Monday, November 14, 2011

Cass McCombs - Humor Risk

Cass McCombs does things his way: if he feels like abstaining from the circus of the music media cycle then he will; if he wants to write a screenplay awash with semi-prophetic rant (think Jodorowsky’s Holy Mountain – an excerpt is available on his absurdly clunky website) then he will; if he feels like releasing two collections of unobtrusively original songs written in his comfortingly familiar yet bizarrely idiosyncratic style within the space of six months, then he damn well will.

Taking its name from a Marx Brothers’ film, Humor Risk has been touted as the sunnier counterpart to the claustrophobic Wit’s End released back in April. Though it’d be a stretch to call it optimistic, first single ‘Robin Egg Blue’ is easily the most upbeat track McCombs has written since ‘Dream Come True Girl’ from fourth album Catacombs, a levity perhaps stemming from a letting go of former melancholy, with McCombs admitting “what’s done is done”. Unlike the uncanny stasis towards which Wit’s End groped its way, most songs here possess some measure of energy and groove, whether it be the grunge of ‘Love Thine Enemy’, the supple warmth of ‘The Living Word’ or the mid-tempo rock of highlight ‘The Same Thing’.

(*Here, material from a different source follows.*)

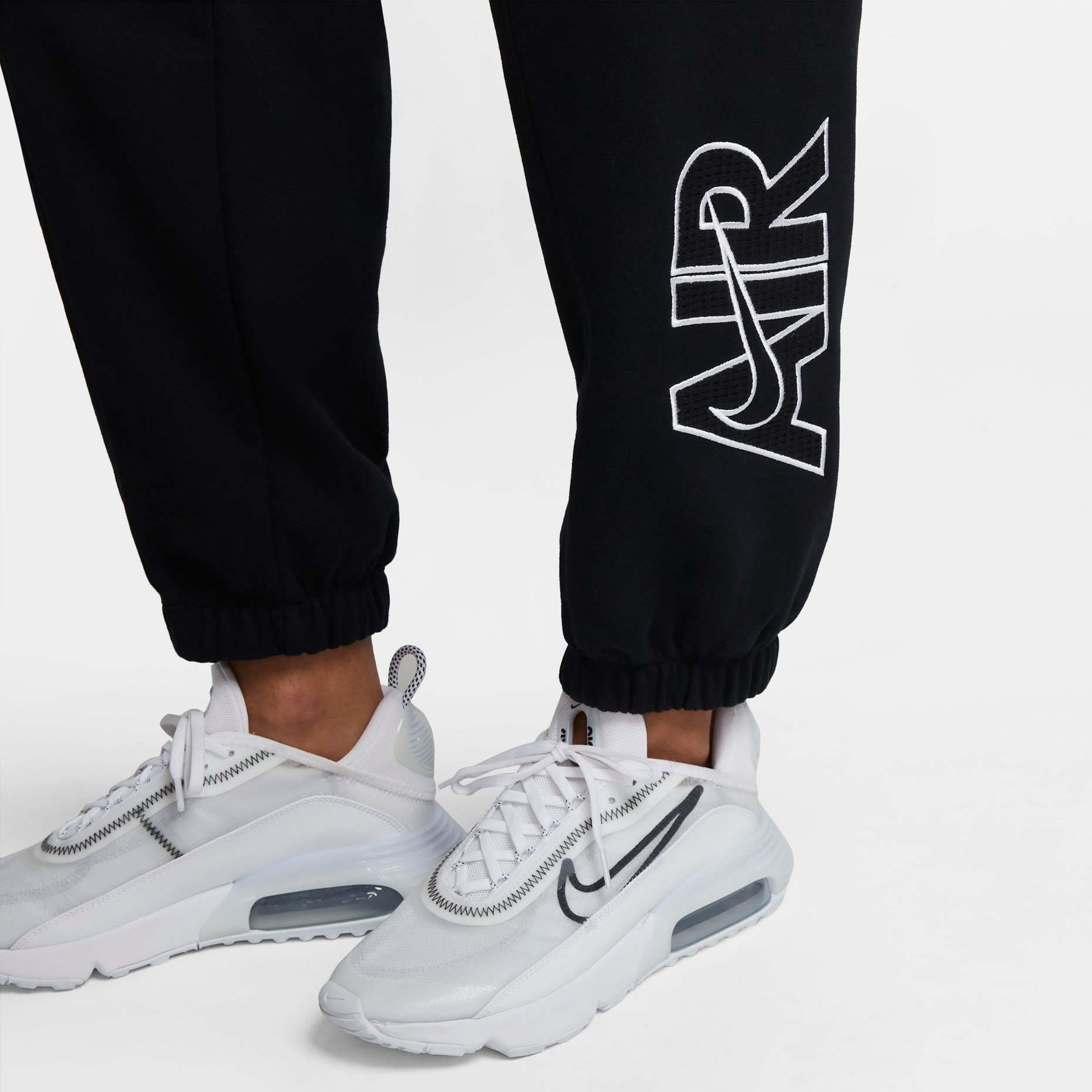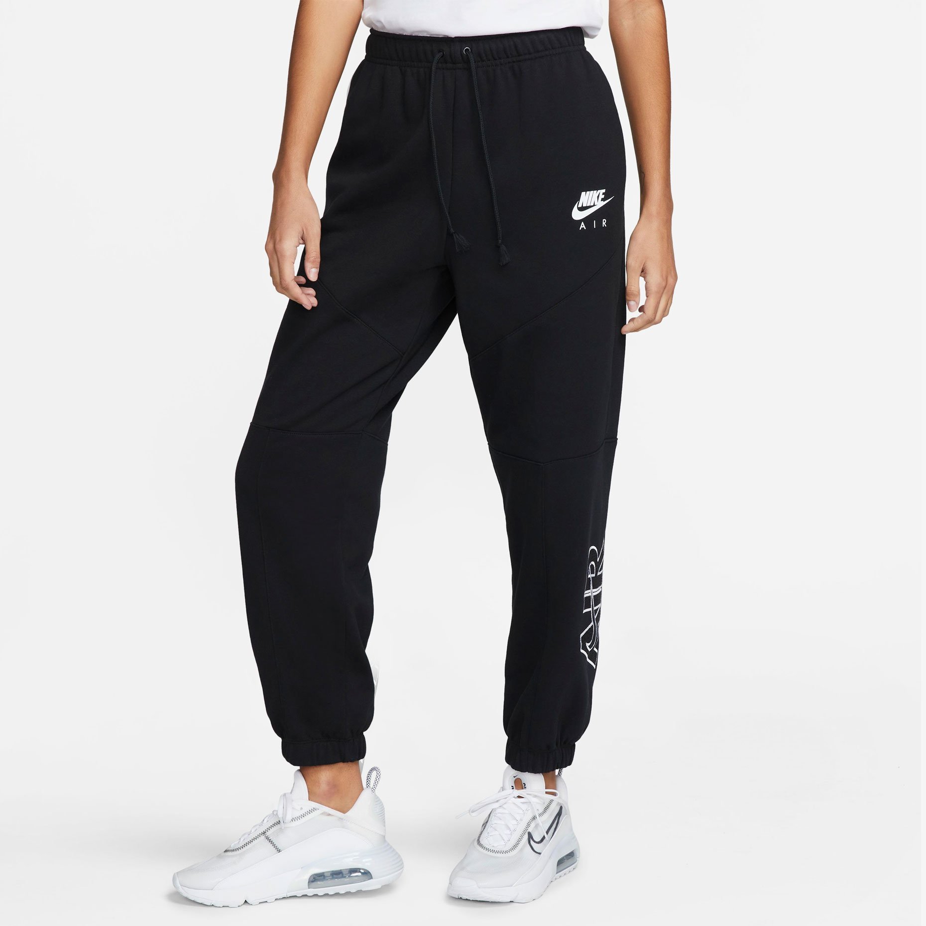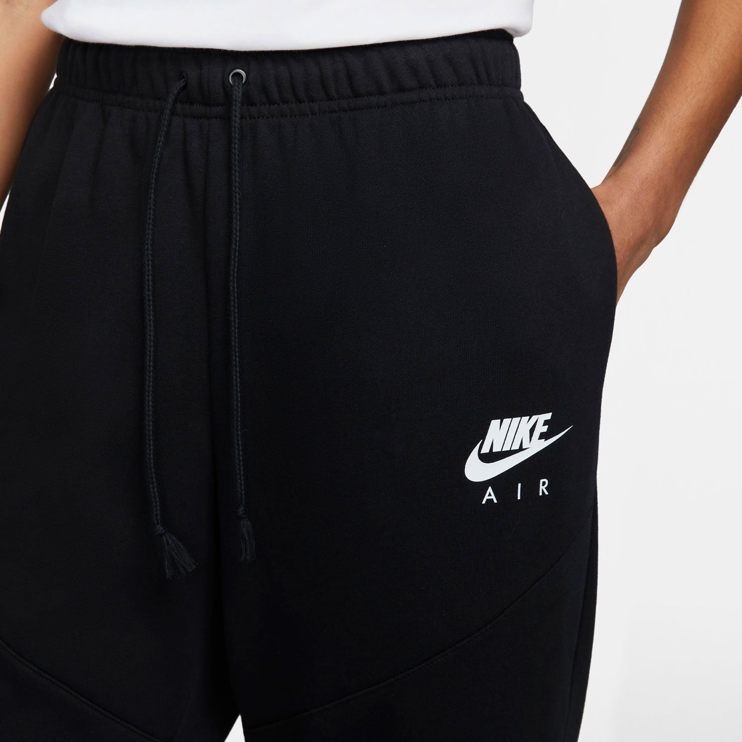 - Аппликация Nike Air на нижней части левой штанины украшена вышитым контуром, а мягкий логотип Nike Air напечатан под левым бедром, что придает брюкам дополнительный шарм и олицетворяет их принадлежность к бренду Nike Air.

But McCombs seems incapable of ignoring inner darkness completely. Straddling the album’s mid-point, ‘To Every Man His Chimera’ provides the doom-laden rock on which the other songs pivot, McCombs crying with a strangled yelp “it’s you again”, as though catching sight of his own steel-eyed doppelganger in the mirror. It’s the exception however, ‘Mariah (Sketch)’ closing the record with a tender, lo-fi beauty.

If most pop music is Rice Bubbles, then Cass McCombs writes musical quinoa.